What to produce
Would you return exactly the lines below from the line with "Sản lượng điện, than, dầu" through the line with "一封表扬信窥见一支优秀医护团队", both included, and nothing else, leaving out the pictures?

Records for processing
○ ○ ○ ○ ○ ○ ○

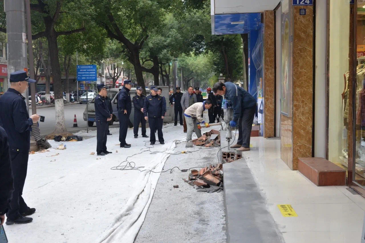 11月1日,东坝大队联合利州区综合行政执法局依法拆除该处6家商户门前擅自搭建的违法台阶30余米,进一步释放城市道路资源,还路于民,方便群众出行。
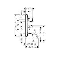 Смеситель Hansgrohe Talis E 71745140 предназначен для душа и монтируется скрытым способом. После установки видимой остаётся только внешняя панель и рычаг. Корпус выполнен в оттенке Brushed bronze с матовой поверхностью. Управление — однорычажное, механизм — керамический картридж. Цвет и материал ручки совпадают с основным корпусом. Встраиваемая часть приобретается отдельно.
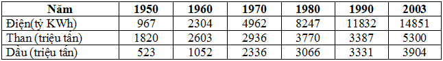 Sản lượng điện, than, dầu trên thế giới giai đoạn 1950 - 2003
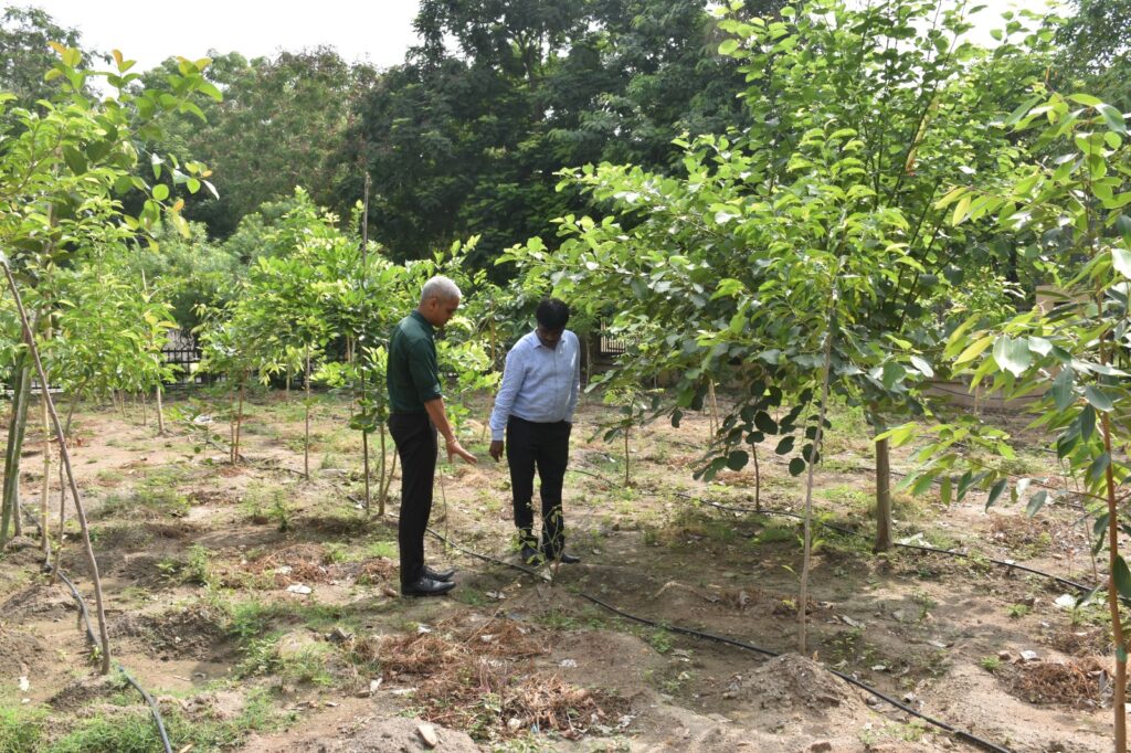 સાબરકાંઠા જિલ્લામાં વિશ્વ પર્યાવરણ દિવસે ઇન્ચાર્જ જિલ્લા કલેક્ટરશ્રી હર્ષદ વોરાએ ખેડબ્રહ્મા પ્રાંત કચેરી ખાતેના મિયાવાકી પદ્ધતિથી નિર્માણ કરેલા વન કવચની મુલાકાત લીધી હતી.ભારતમાં પર્યાવરણ સંરક્ષણ અને નેટ-ઝીરો કાર્બન ઉત્સર્જનના લક્ષ્યાંકો પરિપૂર્ણ કરવા માટે સ્થાનિક સ્તરે જાપાનીઝ મિયાવાકી પદ્ધતિને પ્રોત્સાહન આપ્યું છે. જેનો ઉદ્દેશ ઓછી જમીનમાં ઝડપથી સઘન વનરાજી ઊભી કરવાનો છે. રાજ્ય સરકારે રાજ્યમાં ઝડપથી વૃક્ષો ઉગાડવા માટે વન કવચ બનાવવાનું બીડું ઝડપ્યું છે. ગુજરાતમાં મિયાવાકી પદ્ધતિથી વન કવચ ઊભા કરવાની પહેલ પર્યાવરણ સંરક્ષણમાં મહત્વની ભૂમિકા ભજવી રહી છે.
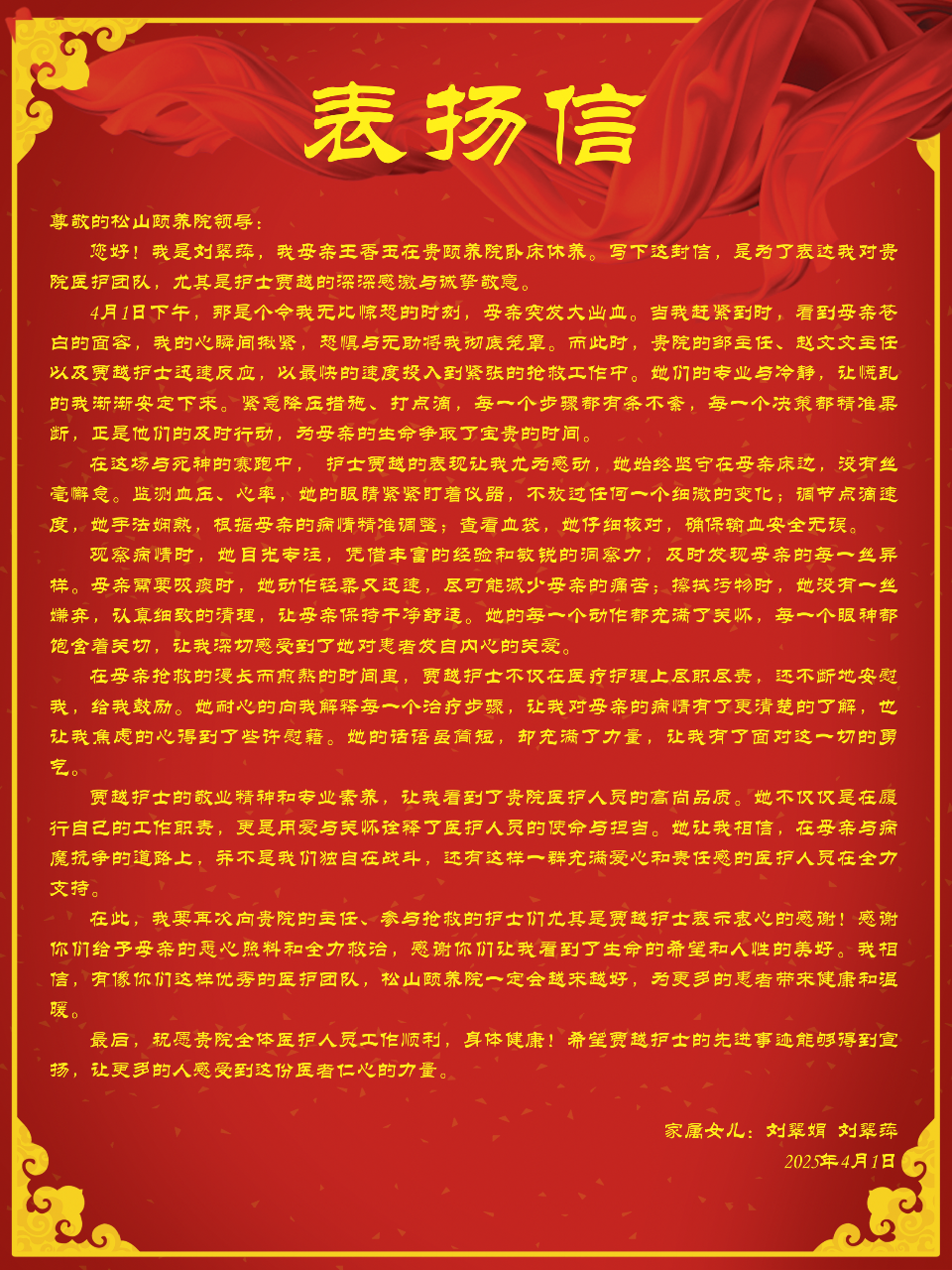一封表扬信窥见一支优秀医护团队
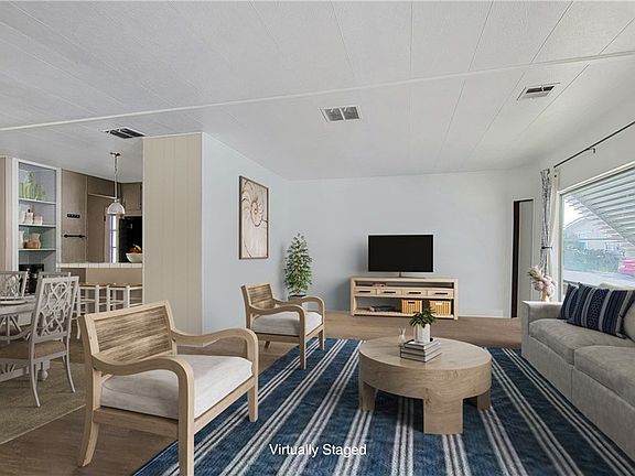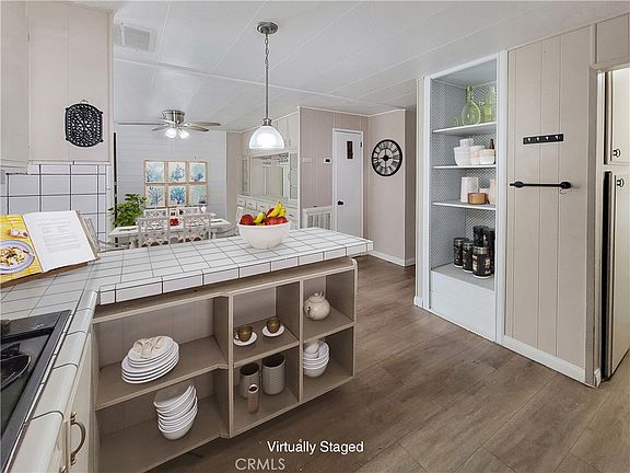 Come home to the beautiful all-ages community of Ponderosa! This lovingly cared for 3 bedroom, 2 bath mobile home has a wonderful open floor plan with large bedrooms. Plus two Outdoor Patio Spaces and a Tandem 2 car carport. The kitchen opens up to the dining room with a charming built in hutch for lots of storage. The home has been recently leveled, and upgraded with wood-style laminate flooring. The primary bedroom is quite spacious with an in suite bathroom and dual vanity sinks. The home has the bonus of an enclosed screened in porch with a private entrance from the exterior to the the 3 rd bedroom. Laundry is conveniently located inside the home, just off the kitchen. The washer, dryer and fridge all come with the home! The owner has improved the space with two outdoor patios perfect for gardening, BBQ, or a play area. Beautiful low maintenance plants grace the front of the home. A tandem covered carport easily fits 2 vehicles. The location is one of the best, offering a quick walk to the on site management office, swimming pool, jacuzzi, indoor gym, sport court and clubhouse that is available for gatherings and celebrations. The happiest place on earth aka Disneyland is a short distance away. Not to mention the Outlet of Orange Mall for incredible shopping, dining and movies. Easy freeway access makes commuting a breeze. The 5, 22 and 57 freeways are just up the road. The playful city of Anaheim has so much to offer! Make this home and community your dream come true. Disneyland, California Adventure, Anaheim Packing District, Garden Walk, Honda Center, and Angel Stadium await you!

○ ○ ○ ○ ○ ○ ○

Response to this task
 Sản lượng điện, than, dầu trên thế giới giai đoạn 1950 - 2003
 સાબરકાંઠા જિલ્લામાં વિશ્વ પર્યાવરણ દિવસે ઇન્ચાર્જ જિલ્લા કલેક્ટરશ્રી હર્ષદ વોરાએ ખેડબ્રહ્મા પ્રાંત કચેરી ખાતેના મિયાવાકી પદ્ધતિથી નિર્માણ કરેલા વન કવચની મુલાકાત લીધી હતી.ભારતમાં પર્યાવરણ સંરક્ષણ અને નેટ-ઝીરો કાર્બન ઉત્સર્જનના લક્ષ્યાંકો પરિપૂર્ણ કરવા માટે સ્થાનિક સ્તરે જાપાનીઝ મિયાવાકી પદ્ધતિને પ્રોત્સાહન આપ્યું છે. જેનો ઉદ્દેશ ઓછી જમીનમાં ઝડપથી સઘન વનરાજી ઊભી કરવાનો છે. રાજ્ય સરકારે રાજ્યમાં ઝડપથી વૃક્ષો ઉગાડવા માટે વન કવચ બનાવવાનું બીડું ઝડપ્યું છે. ગુજરાતમાં મિયાવાકી પદ્ધતિથી વન કવચ ઊભા કરવાની પહેલ પર્યાવરણ સંરક્ષણમાં મહત્વની ભૂમિકા ભજવી રહી છે.
一封表扬信窥见一支优秀医护团队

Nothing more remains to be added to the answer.